| YOUR ASSIGNMENT |
Would you please print exactly the lines that run from the one with "Vintage 14k yellow" to the last line of the data, both included, without any pictures?

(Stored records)
--
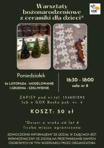 Warsztaty bożonarodzeniowe z ceramiki dla dzieci 18 listopada 2025 0 comments gok@besko.pl Posted in Bez kategorii Podobne posty 0 comments Bez kategorii Bieg Mikołajkowy Czytaj więcej 0 comments Bez kategorii Warsztaty dla dzieci z pieczenia i dekorowania pierników Czytaj więcej 0 comments Bez kategorii Spotkanie z Mikołajem Czytaj więcej Beski Jarmark Bożonarodzeniowy 17 listopada 2025 0 comments Spotkanie z Mikołajem 20 listopada 2025 0 comments Share this About author gok@besko.pl Podobne posty 0 comments Bez kategorii Bieg Mikołajkowy Czytaj więcej 0 comments Bez kategorii Warsztaty dla dzieci z pieczenia i dekorowania pierników Czytaj więcej 0 comments Bez kategorii Spotkanie z Mikołajem Czytaj więcej 0 comments Bez kategorii Beski Jarmark Bożonarodzeniowy Czytaj więcej Leave a Reply Anuluj pisanie odpowiedzi Your comment Your name Your email Your website Zapisz moje dane, adres e-mail i witrynę w przeglądarce aby wypełnić dane podczas pisania kolejnych komentarzy.
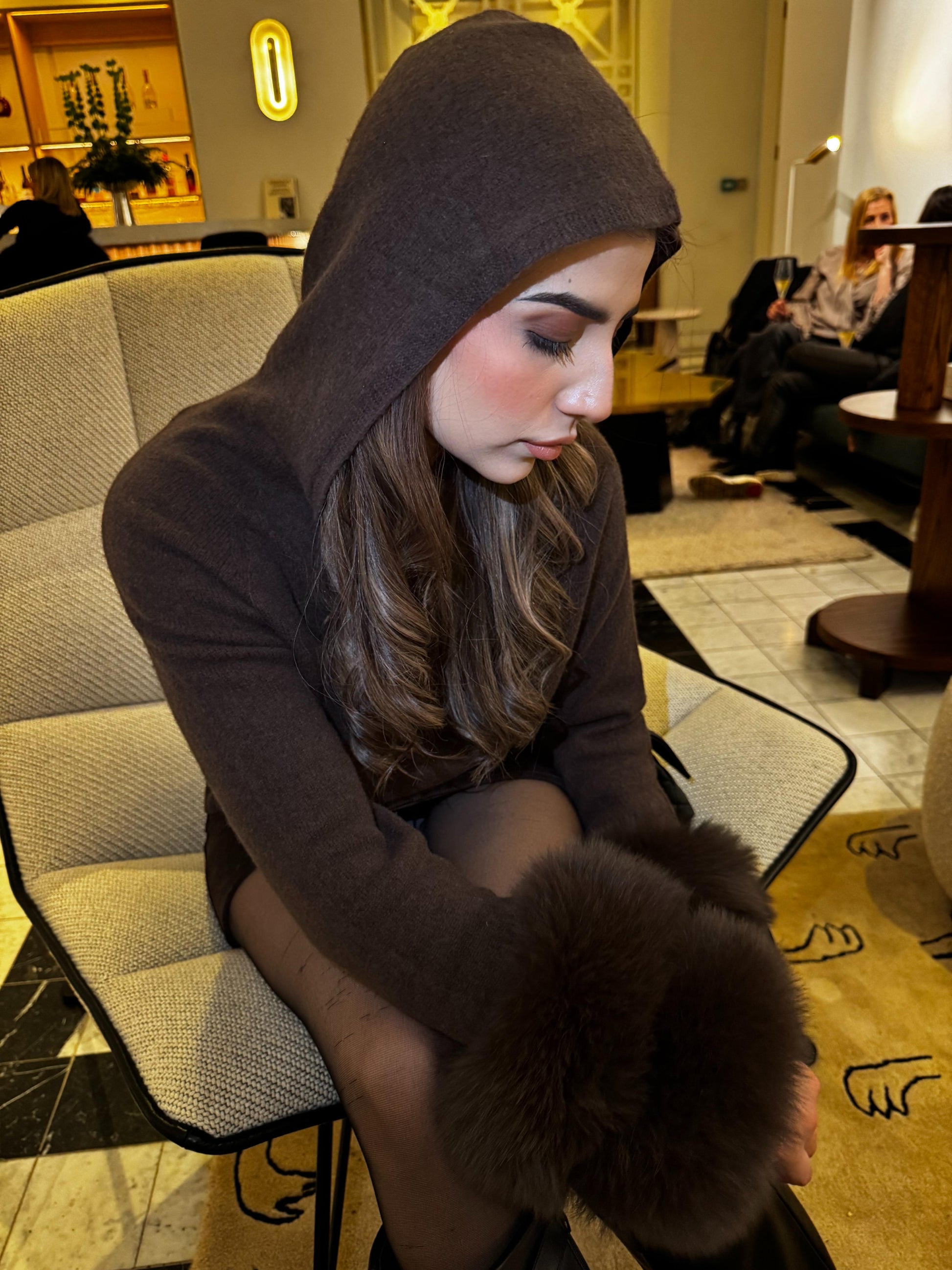 A warm wool sweater with hood finished with thick, plush fox fur for a rich, textured look. Cozy, insulating, and effortlessly elegant.
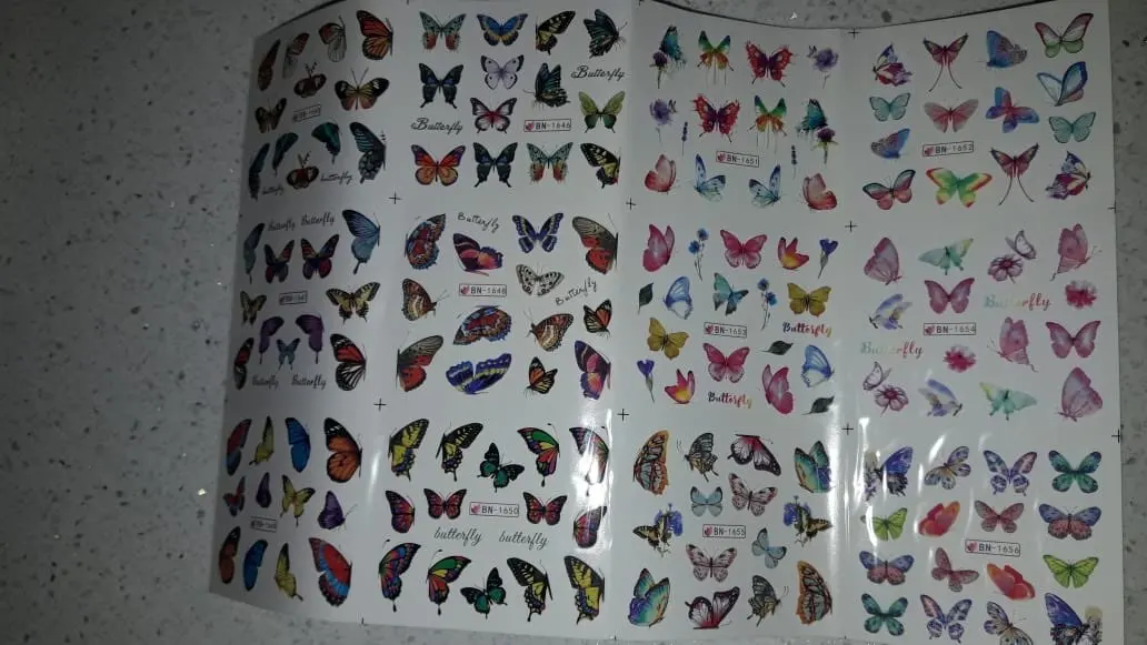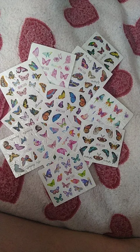 очень долго шли наклейки, около двух месяцев. бабочки огромные. это не на один ноготь даже..
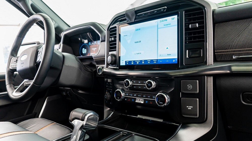 The available 12-inch touchscreen display is the largest ever offered in an F-150. Coupled with the massive and intuitive screen is a new SYNC® 4 infotainment interface. With the updated interface, you'll enjoy quick responses to your commands, whether the commands are voice-activated or touch-sensitive.
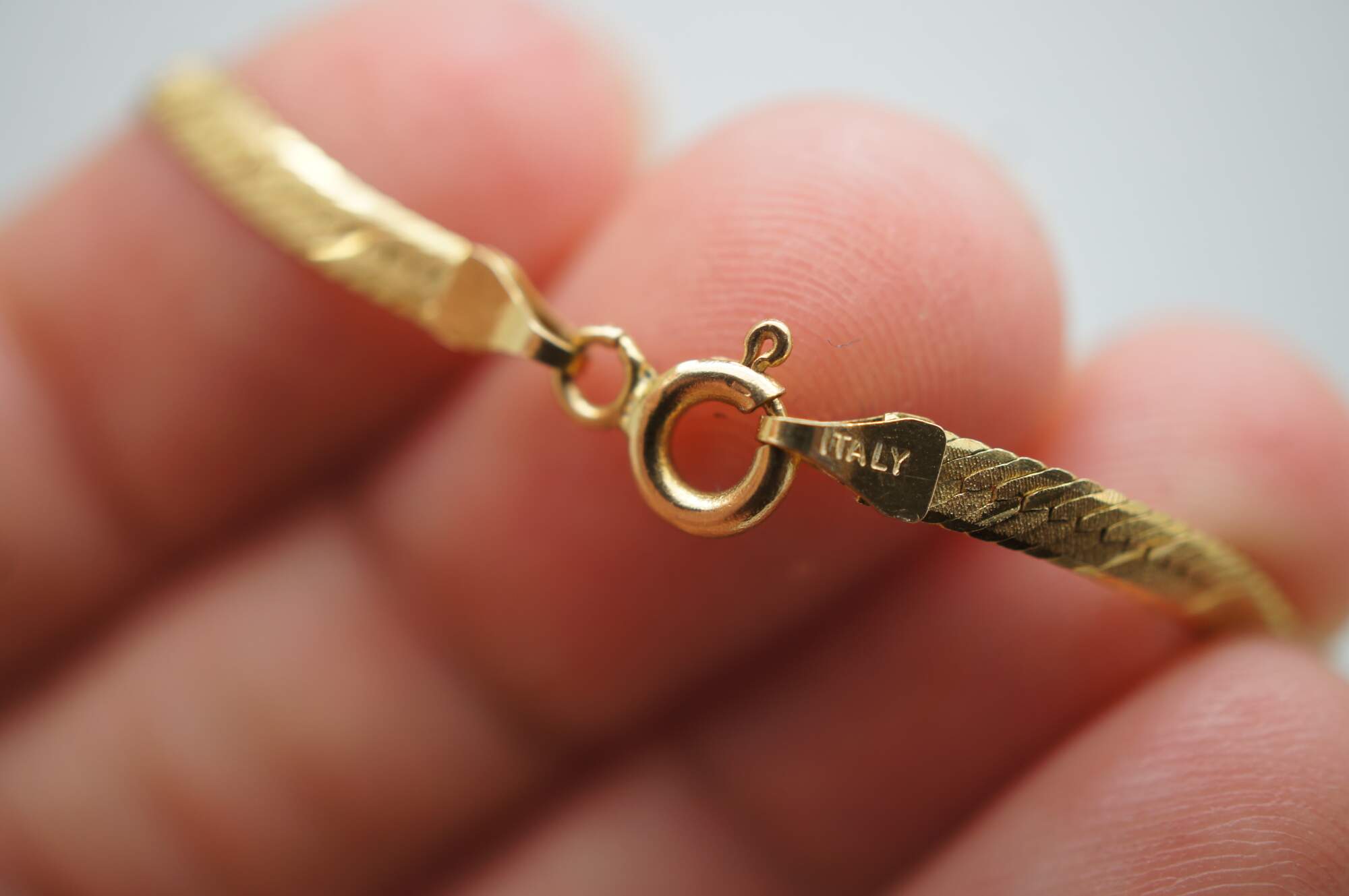 Vintage 14k yellow gold flat herringbone chain necklace with spring ring clasp. Made in Italy.
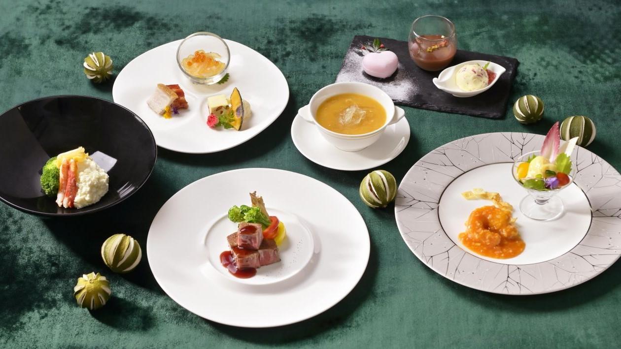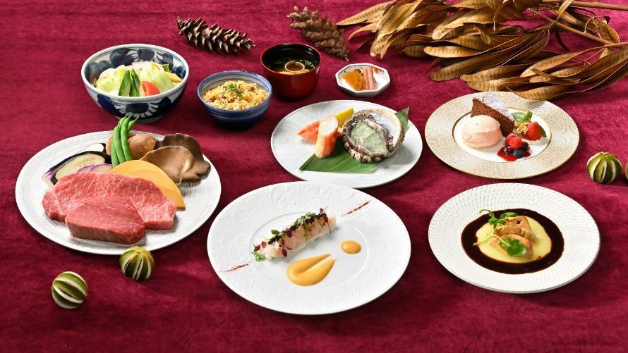 フォアグラ、トリュフ、キャビアの三大珍味や活鮑、タラバガニ、神戸牛など贅を尽くしたクリスマス限定コース。
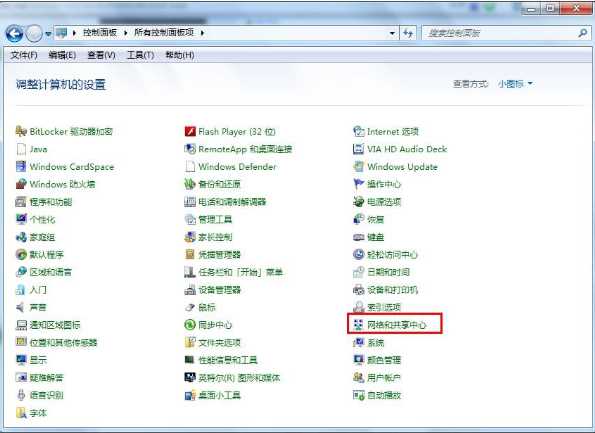 2.打开控制面板之后,找到并打开“网络和共享中心”这个选项。如图二
--
| RESPONSE AREA |
 Vintage 14k yellow gold flat herringbone chain necklace with spring ring clasp. Made in Italy.
 フォアグラ、トリュフ、キャビアの三大珍味や活鮑、タラバガニ、神戸牛など贅を尽くしたクリスマス限定コース。
 2.打开控制面板之后,找到并打开“网络和共享中心”这个选项。如图二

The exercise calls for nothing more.